The soft coloring makes the whole otherworldly like a dream. The inconsistent glow of the title makes it feel as though it’s also in motion, spreading left from the gravitational pull of that light. It’s like we have been caught too and everything is about to disappear into the sky in a blink. So we hold tight, not daring to reach out and accidentally secure our fate.

In contrast to the first’s minimalist fields and the second’s diffusion, BOND’s poster for The Green Knight (wide, July 30) finds itself flattening from the rich colors of its high-contrast lighting. That which should provide three-dimensionality—see Ailey above—has been carefully manipulated to the point of cutout geometric shapes. This is a silhouette despite the clearly rendered chainmail and facial hair proving the opposite. It’s formed a heightened reality through deep saturation similar to the effect that made 300 into a living comic.

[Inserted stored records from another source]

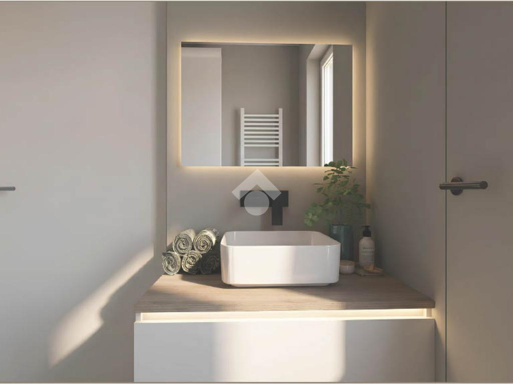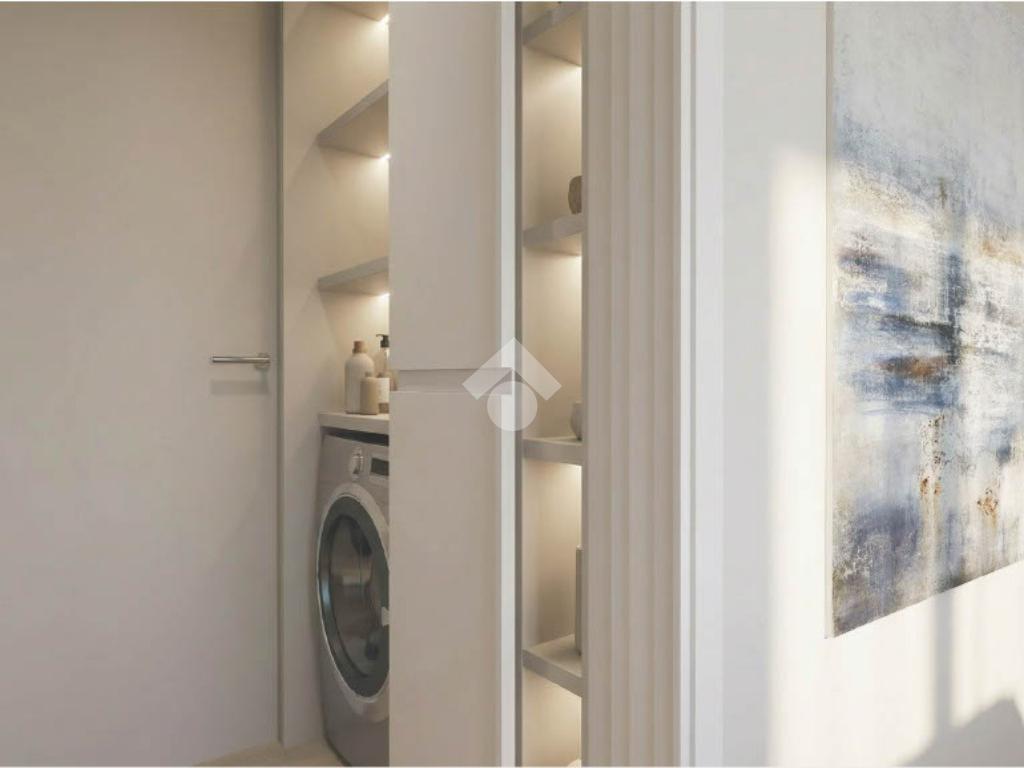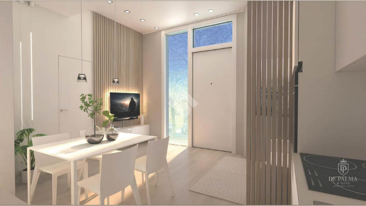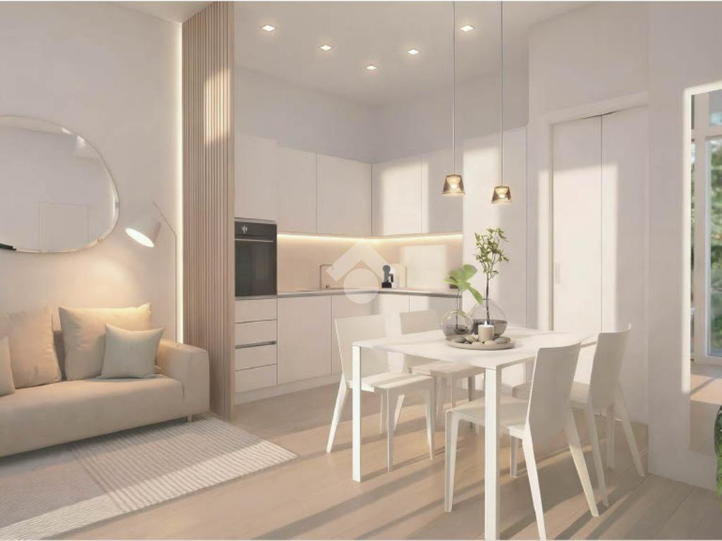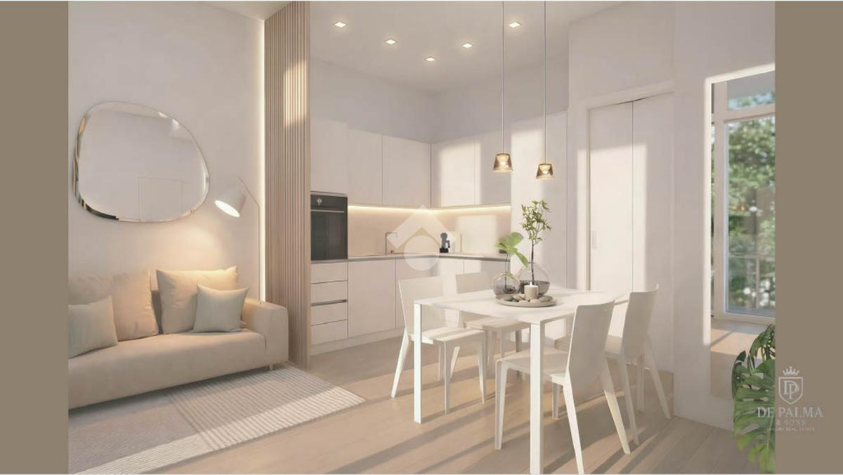 Composizione: ingresso living su soggiorno con cucina totalmente arredata su misura, camera (possibile seconda camera), disimpegno, ampio bagno di design e zona lavanderia.
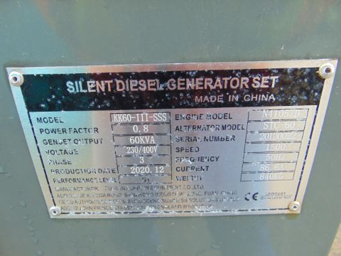You are bidding on a 2020 UNISSUED 60 KVA 3 Phase Silent Diesel Generator Set. This generator is 3 phase 230/400 volt 50 Hz.
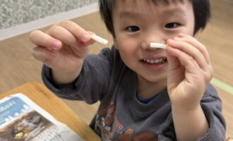 もやし・ほうれん草に触れてみたよ♪2歳児♪
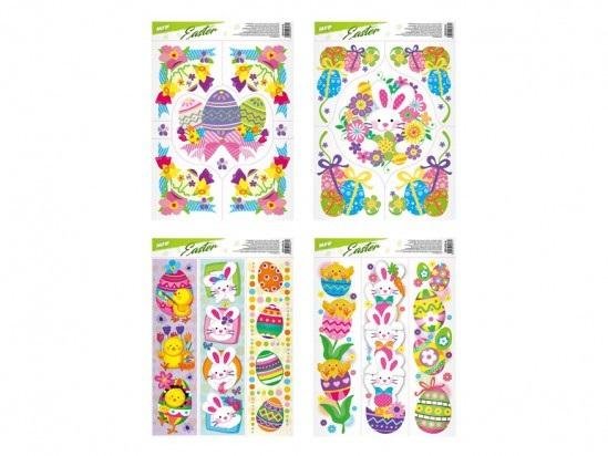 Folia statyczna na okno Wielkanoc. Stwórz świąteczną atmosferę w swoim domu. INSTRUKCJA: Obrazek odkleić od podłoża i umieścić na czystej, ewentualnie zwilżonej szybie stroną, która byłą przyczepiona do podłoża. Obrazek przylgnie elektrostatycznie. Obrazek można łatwo zdjąć i przenieść w inne miejsce. Dostarczane w miksach po 4 szt. Wymiar: 300mm x 420mm x 1mm (szer. x wys. x gł.)

It’s undeniably attractive in its boldness and captivating in its mystery. The old English font of the tagline gives us a sense of place and era while the singular knife-edged title brings us into the fantasy of lore. The whole exists at the collision point of both styles: history and fairy tale merged as one to deliver an image trapped in our imagination.

The decision to leave the mature and adult nature of this initial sheet for a family-film tone on the latest is confusing to say the least. I see a child roaring in excitement rather than Dev Patel leading a charge. It’s an interesting contrast, too, since A24 commissioned a whole series of character posters in that first vein. To abandon it is strange unless they thought the oppressive drama was too… misleading, perhaps? I wonder which we’ll receive.

What is your favorite July release poster? What could have used a rework?